Figure 7a shows the NSP function for $U_x$ and $U_y$ values varying in the interval [−200 cm/s, 200 cm/s] and it can be noted how the NSP is less sensitive to the variation of $U_x$ with respect to the ones along $U_y$. This is justified by a physical point of view by accounting for that the radar is able to collect more accurate information about the sea waves coinciding with the range (y-axis). In other words, the estimation of the pair of surface current components suffer a more pronounced ill-conditioning for the $U_x$ values.

Figure 7b shows the NSP functional with values greater than 90% and from this figure it can be noted that the amplitude of the sea surface current ranges from 50 to 60 cm/s. In order to have a more quantitative evaluation of the amplitude of the sea surface current, we can evaluate the centroid of this spot, which provides the values ($U_x=-46 \text{cm}/\mathrm{s},U_y=38 \text{cm}/\mathrm{s}$). The centroid values are close to the ones of the maximum of the NSP ($U_x=-36 \text{cm}/\mathrm{s},U_y=38 \text{cm}/\mathrm{s}$), which provides $\left|U\right|=52.3 \text{cm}/\mathrm{s}$. Figure 7c shows the behavior of the NSP functional along the two current components passing through the estimated values ($U_x=-36 \text{cm}/\mathrm{s},{\mathrm{U}}_{\mathrm{y}}=38 \text{cm}/\mathrm{s}$).

5. Conclusions

This paper has presented a comparison regarding the estimation of sea surface current from data collected by wave radar system and drifters.

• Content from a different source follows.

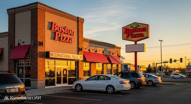 Пицца-бар — это популярное место отдыха в районе приграничного города Интернэшнл-Фолс, представляющее собой часть известной сети Boston Pizza. Заведение гармонично сочетает в себе уютный семейный ресторан и энергичный спортивный бар, что делает его универсальной точкой притяжения как для местных жителей, так и для туристов, путешествующих по северу США и прилегающим территориям.

Experimental results showed that the X-band radar equipped with NSP data processing method provided results in a good agreement with the ones given by the drifters’ releases. In addition, wave radar system was able also to provide information about sea state parameters in terms of wavelength, direction, period and significant wave height. The values of significant wave height, about 0.6 m, confirmed the low level of the sea state, which is a challenging situation for the surface current estimation. Furthermore, a discussion about the reliability of the NSP estimation performance, in this challenging situation, has been provided with the focus on the sensitivity of the NSP with respect to the two different (vector) components of the sea surface current. The main conclusion of this work is that the wave radar system can be considered a reliable tool for the sea state parameters estimations during wave motion by providing continuous measurements over time, which is not possible for the drifter technology.